----- Source material -----
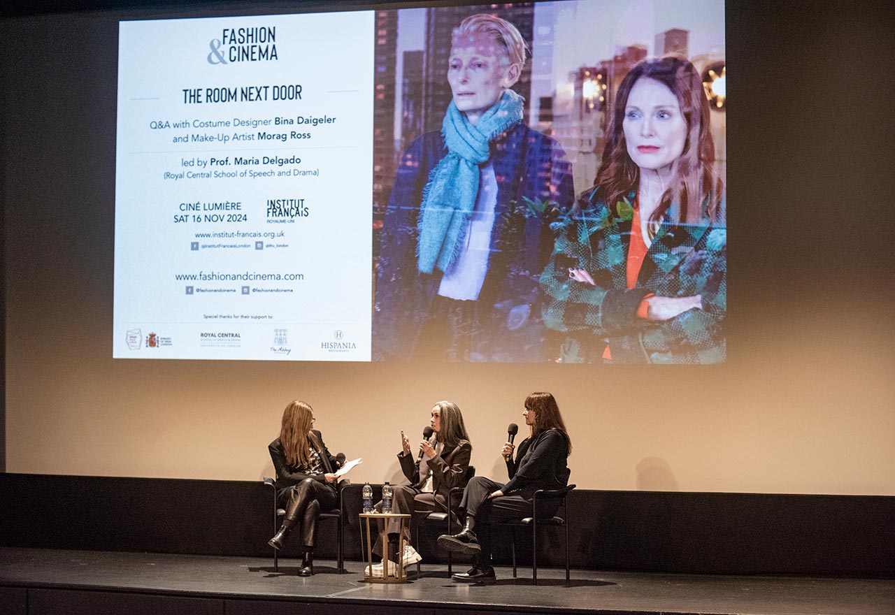 Maria Delgado hosting a conversation with make up designer and artist Morag Ross and costume designer Bina Daigeler at a special screening of Pedro Almodóvar’s The Room Next Door at the Cine Lumière, London, 2024.
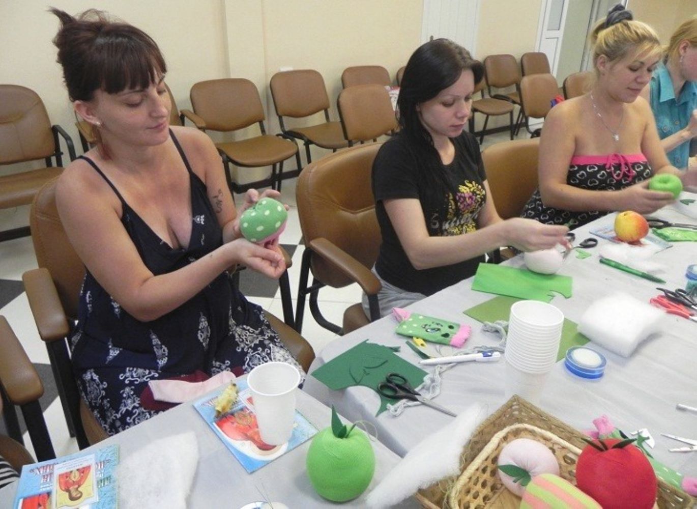 Продолжился праздник занятием в творческой мастерской роддома «Мамины руки». Под руководством опытных дизайнеров женщины, ожидающие рождения ребенка, их родные и близкие смогли создать уникальные поделки – они будут греть души как самих авторов, так и их малышей, которым вскоре предстоит появиться на свет. Примечательно, что стилистика работ была непосредственно связана с тематикой Яблочного Спаса.
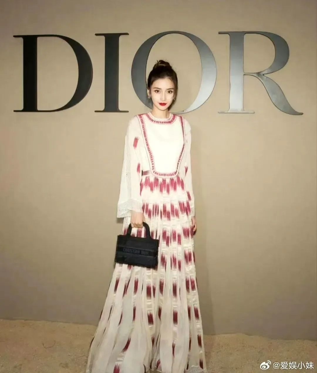 首先是angelababy,她作为迪奥中国的品牌大使,在那场由黄晓明为她举办的世纪婚礼背后,是由迪奥赞助,婚纱、婚纱照服装和配饰也均由迪奥提供,可以说,迪奥几乎可以算是他俩之间爱情的象征。
-----
*Your objective:* One exact copy of the data is required, and it should hold no pictures.

*Exercise answer:*
 Maria Delgado hosting a conversation with make up designer and artist Morag Ross and costume designer Bina Daigeler at a special screening of Pedro Almodóvar’s The Room Next Door at the Cine Lumière, London, 2024.
 Продолжился праздник занятием в творческой мастерской роддома «Мамины руки». Под руководством опытных дизайнеров женщины, ожидающие рождения ребенка, их родные и близкие смогли создать уникальные поделки – они будут греть души как самих авторов, так и их малышей, которым вскоре предстоит появиться на свет. Примечательно, что стилистика работ была непосредственно связана с тематикой Яблочного Спаса.
 首先是angelababy,她作为迪奥中国的品牌大使,在那场由黄晓明为她举办的世纪婚礼背后,是由迪奥赞助,婚纱、婚纱照服装和配饰也均由迪奥提供,可以说,迪奥几乎可以算是他俩之间爱情的象征。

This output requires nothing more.